* **Work to be completed**:
Without including any picture, repeat the records below exactly.
[Opening Task material section]
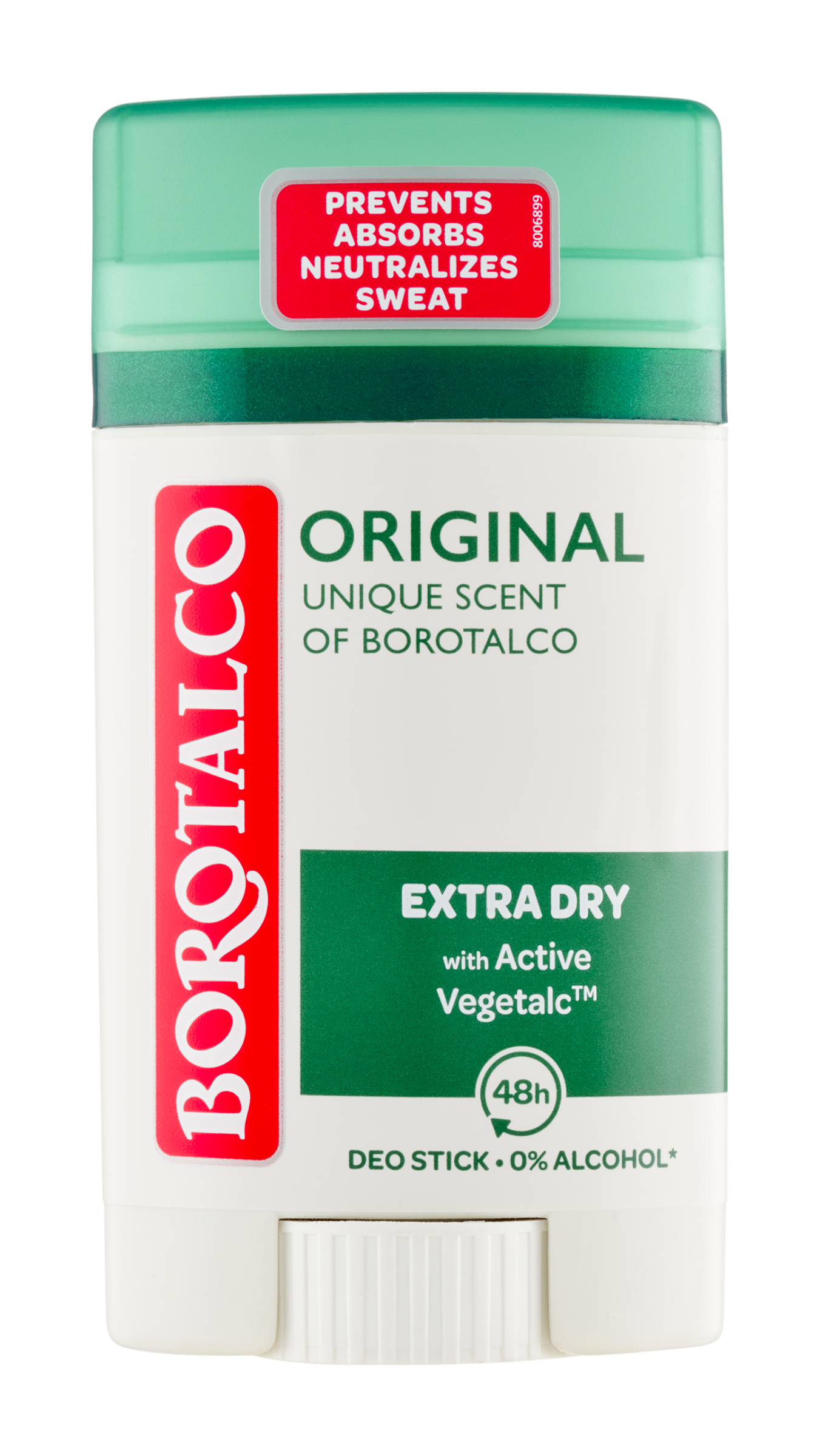 Oddejte se Borotalco zážitku s Borotalco Original! Jeho složení obohacené inovativním Active VegetalcTM, směsí absorpčních prášků rostlinného původu, nabízí trojitou ochranu proti pocení a extra suchý účinek, abyste se vždy cítili v pohodě: – Zabraňuje pocení a omezuje jeho tvorbu – Absorbuje pot hned, jak se objeví – Neutralizuje molekuly tvořící pot 48hodinová účinnost deodorantu. 0% alkoholu*. Dermatologicky testováno. Jedinečné a nadčasové aroma, které kombinuje svěžest citrusových plodů s jemným srdcem z bílých květů na pudrovém základu. Typicky italská vůně, původní od roku 1904.
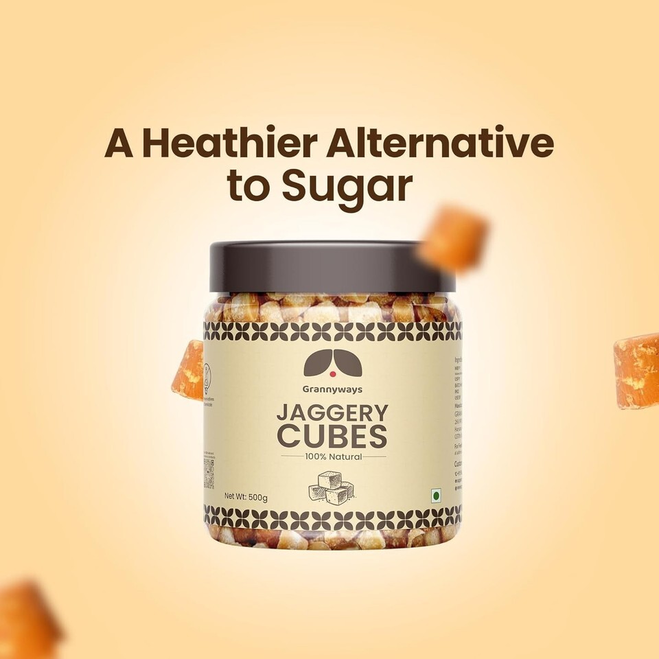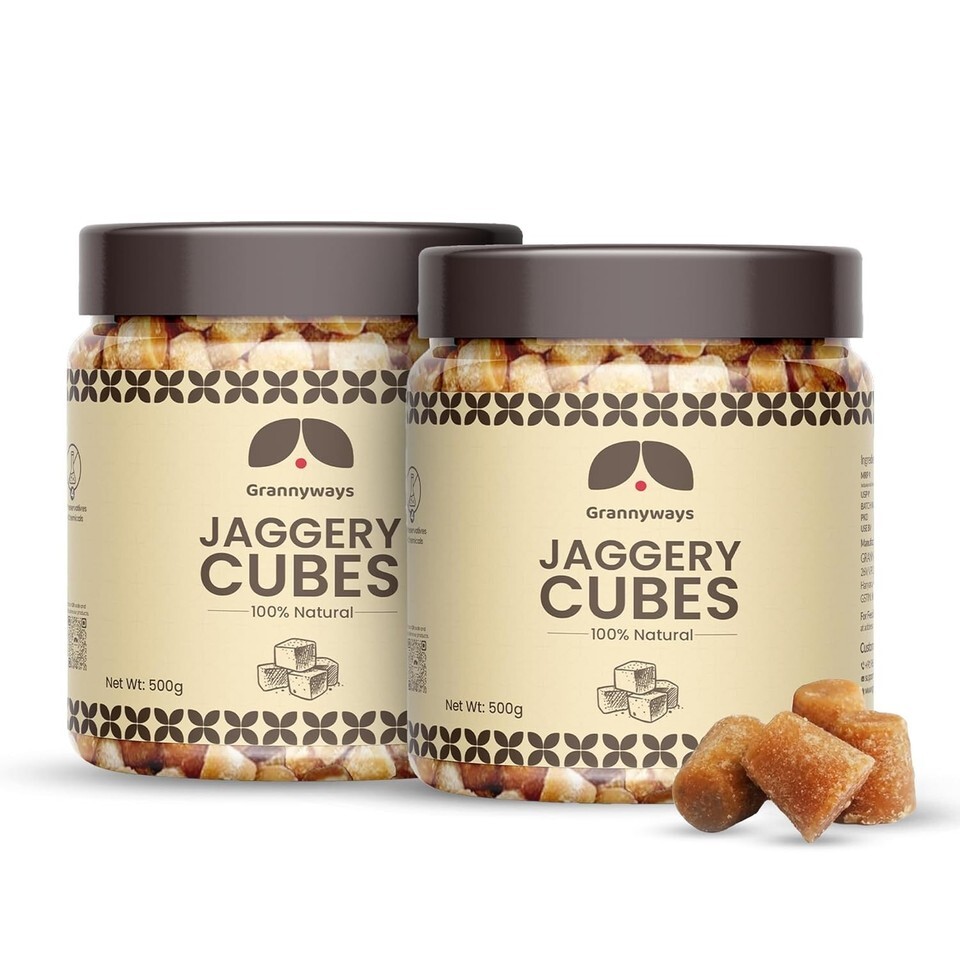 Grannyways Natural Jaggery Cubes | 1KG (500g X 2) | No Chemicals or Artificial Additives | Traditional Indian Sweetener with Rich Caramel Taste | Ideal for Tea, Sweets Daily Use
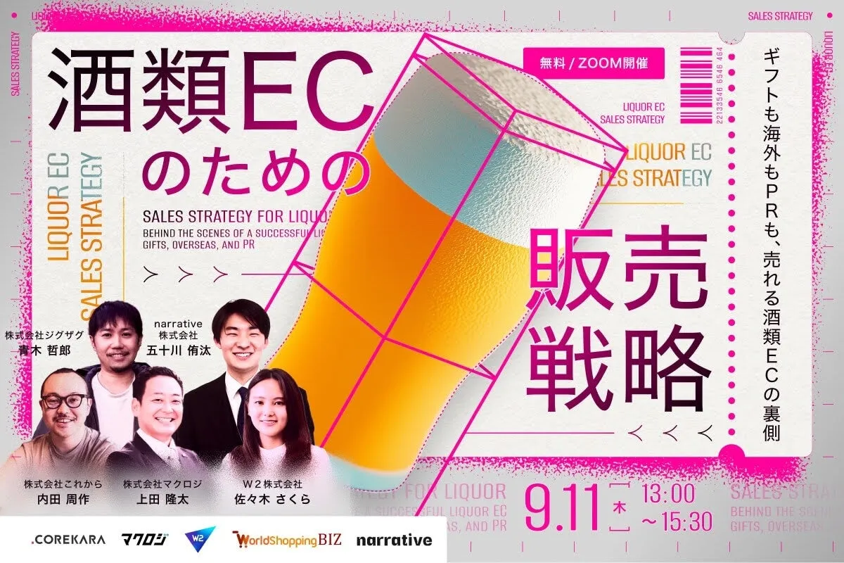 2025年9月11日、株式会社ジグザグが主催する無料オンラインセミナー「売れるECの共通点は?酒類ECのための販売戦略」が開催されます。このセミナーでは、クラフトビールや日本酒などの酒類商材に特化したECサイトの運営や販売戦略に関する具体的な知識を全6つの講演を通して学ぶことができます。
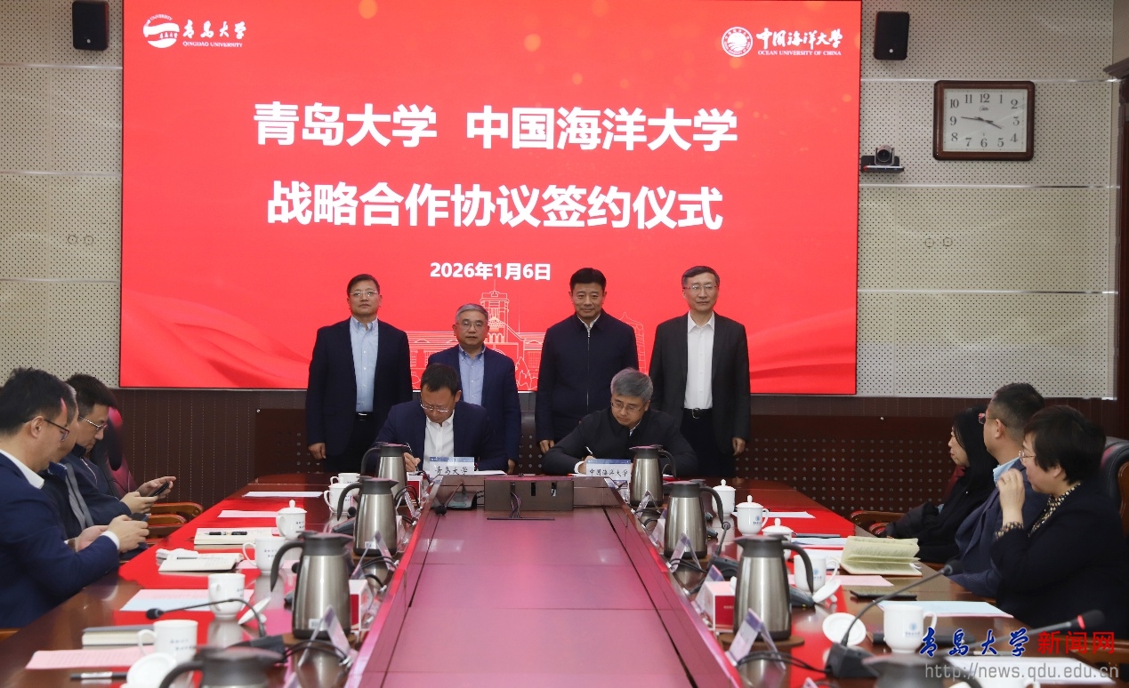 签约仪式上,校党委常委、副校长刘恩贤和中国海洋大学党委常委、副校长刘勇分别代表双方签署战略合作协议,胡金焱、魏志强、李明、张峻峰共同见证签约。根据协议,双方将在学科建设、人才培养、师资队伍建设、科学研究、文化建设等方面开展多渠道、多层次、多形式的合作,聚焦医学、信息科学与工程、医工交叉等领域协同发展,提升本科生教育和研究生培养水平,促进资源共享、优势互补,共同为加快推进教育现代化、建设高水平大学、服务国家重大战略和地方经济社会高质量发展作出新的更大贡献。
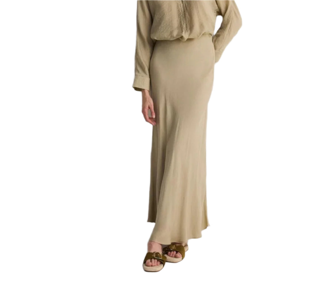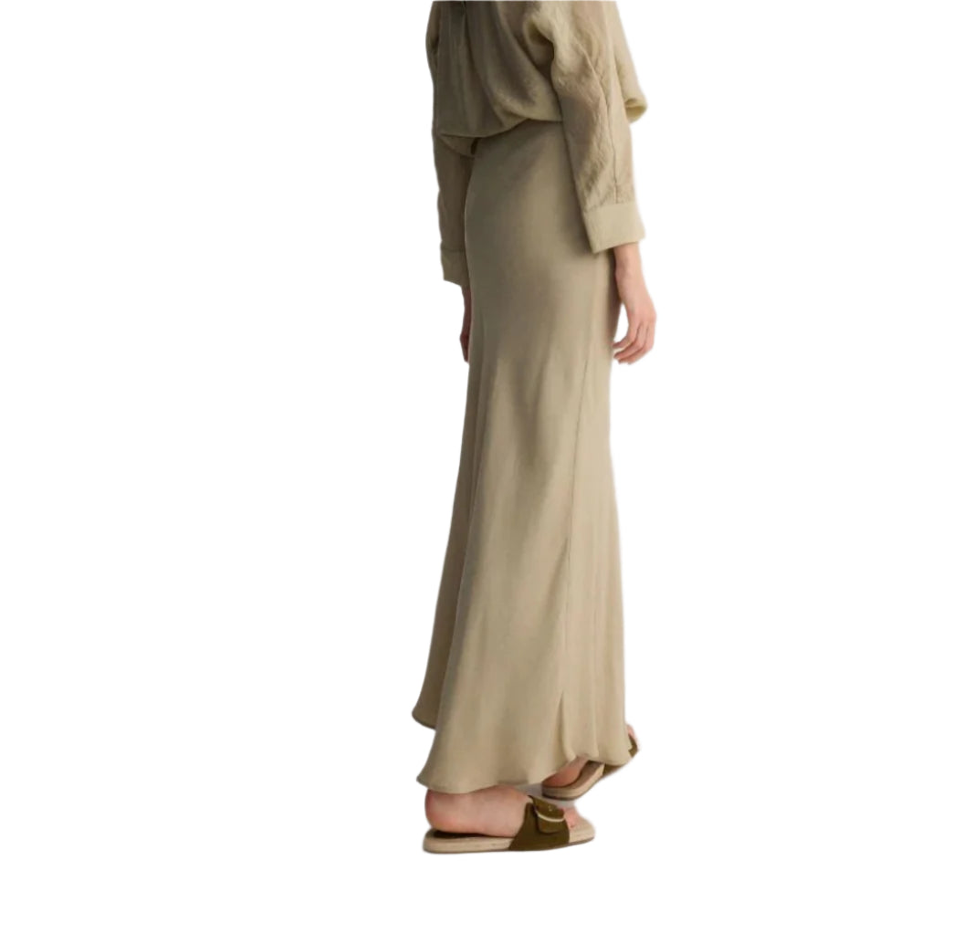 Címke nélküli, bézs színű, hosszú, testhezálló szoknya. Lágy esésű anyagból készült, amely elegáns és kényelmes viseletet biztosít. Letisztult, minimalista stílusának köszönhetően könnyen kombinálható különböző felsőkkel és cipőkkel, legyen szó hétköznapi vagy alkalmi megjelenésről.
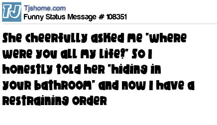 X says She cheerfully asked me "where were you all my life?" So I honestly told her "hiding in your bathroom" and now I have a restraining order
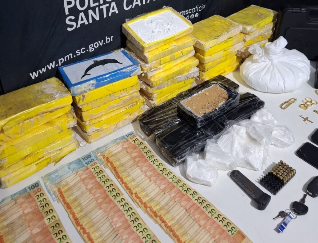 A Polícia Militar de Santa Catarina realizou uma operação contra o tráfico de drogas em Itajaí na quinta-feira (26), resultando na apreensão de mais de 38 quilos de entorpecentes e 30 munições de calibre .380. Dois homens, de 29 e 35 anos, foram presos no bairro Cordeiros durante a ação coordenada por equipes de inteligência e patrulhamento.
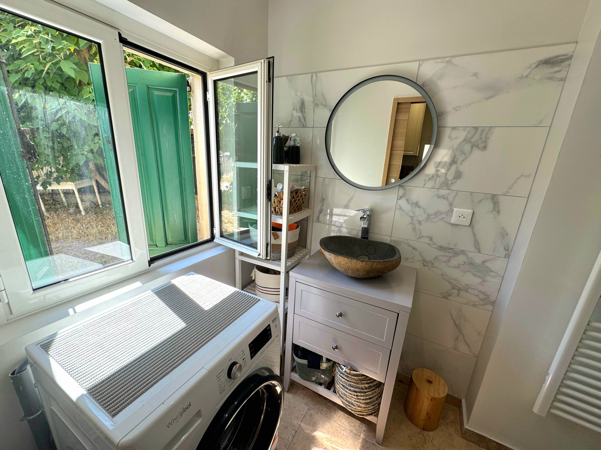 Une agréable véranda, idéale pour l'hiver, qui peut faire office de coin salon, d'espace détente ou d'activité complémentaire selon les envies. La cuisine est moderne et fonctionnelle, la chambre prolongé d'un espace dressing confortable, et l'ensemble forme un cocon parfaitement adapté à une personne seule ou un couple.
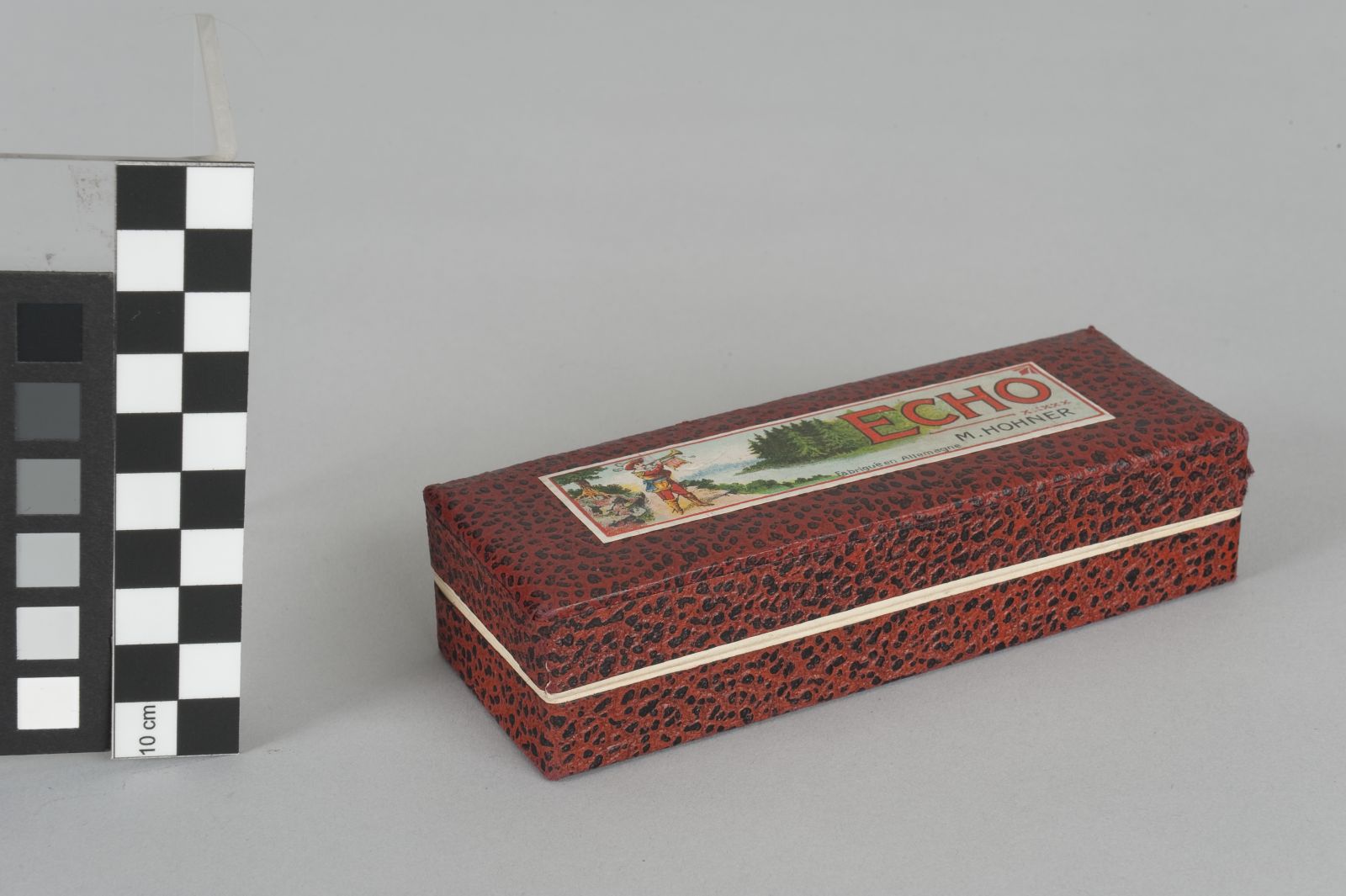 Kanzellenkörper Ahorn; Stimmplatte Messing; Deckel und Stimmzungen verschiedene Metalle; Etui Pappe, mit farbigem Papier beklebt und bedruckt.
[Closing Task material section]
* **Task output**:
 Oddejte se Borotalco zážitku s Borotalco Original! Jeho složení obohacené inovativním Active VegetalcTM, směsí absorpčních prášků rostlinného původu, nabízí trojitou ochranu proti pocení a extra suchý účinek, abyste se vždy cítili v pohodě: – Zabraňuje pocení a omezuje jeho tvorbu – Absorbuje pot hned, jak se objeví – Neutralizuje molekuly tvořící pot 48hodinová účinnost deodorantu. 0% alkoholu*. Dermatologicky testováno. Jedinečné a nadčasové aroma, které kombinuje svěžest citrusových plodů s jemným srdcem z bílých květů na pudrovém základu. Typicky italská vůně, původní od roku 1904.
 Grannyways Natural Jaggery Cubes | 1KG (500g X 2) | No Chemicals or Artificial Additives | Traditional Indian Sweetener with Rich Caramel Taste | Ideal for Tea, Sweets Daily Use
 2025年9月11日、株式会社ジグザグが主催する無料オンラインセミナー「売れるECの共通点は?酒類ECのための販売戦略」が開催されます。このセミナーでは、クラフトビールや日本酒などの酒類商材に特化したECサイトの運営や販売戦略に関する具体的な知識を全6つの講演を通して学ぶことができます。
 签约仪式上,校党委常委、副校长刘恩贤和中国海洋大学党委常委、副校长刘勇分别代表双方签署战略合作协议,胡金焱、魏志强、李明、张峻峰共同见证签约。根据协议,双方将在学科建设、人才培养、师资队伍建设、科学研究、文化建设等方面开展多渠道、多层次、多形式的合作,聚焦医学、信息科学与工程、医工交叉等领域协同发展,提升本科生教育和研究生培养水平,促进资源共享、优势互补,共同为加快推进教育现代化、建设高水平大学、服务国家重大战略和地方经济社会高质量发展作出新的更大贡献。
 Címke nélküli, bézs színű, hosszú, testhezálló szoknya. Lágy esésű anyagból készült, amely elegáns és kényelmes viseletet biztosít. Letisztult, minimalista stílusának köszönhetően könnyen kombinálható különböző felsőkkel és cipőkkel, legyen szó hétköznapi vagy alkalmi megjelenésről.
 X says She cheerfully asked me "where were you all my life?" So I honestly told her "hiding in your bathroom" and now I have a restraining order
 A Polícia Militar de Santa Catarina realizou uma operação contra o tráfico de drogas em Itajaí na quinta-feira (26), resultando na apreensão de mais de 38 quilos de entorpecentes e 30 munições de calibre .380. Dois homens, de 29 e 35 anos, foram presos no bairro Cordeiros durante a ação coordenada por equipes de inteligência e patrulhamento.
 Une agréable véranda, idéale pour l'hiver, qui peut faire office de coin salon, d'espace détente ou d'activité complémentaire selon les envies. La cuisine est moderne et fonctionnelle, la chambre prolongé d'un espace dressing confortable, et l'ensemble forme un cocon parfaitement adapté à une personne seule ou un couple.
 Kanzellenkörper Ahorn; Stimmplatte Messing; Deckel und Stimmzungen verschiedene Metalle; Etui Pappe, mit farbigem Papier beklebt und bedruckt.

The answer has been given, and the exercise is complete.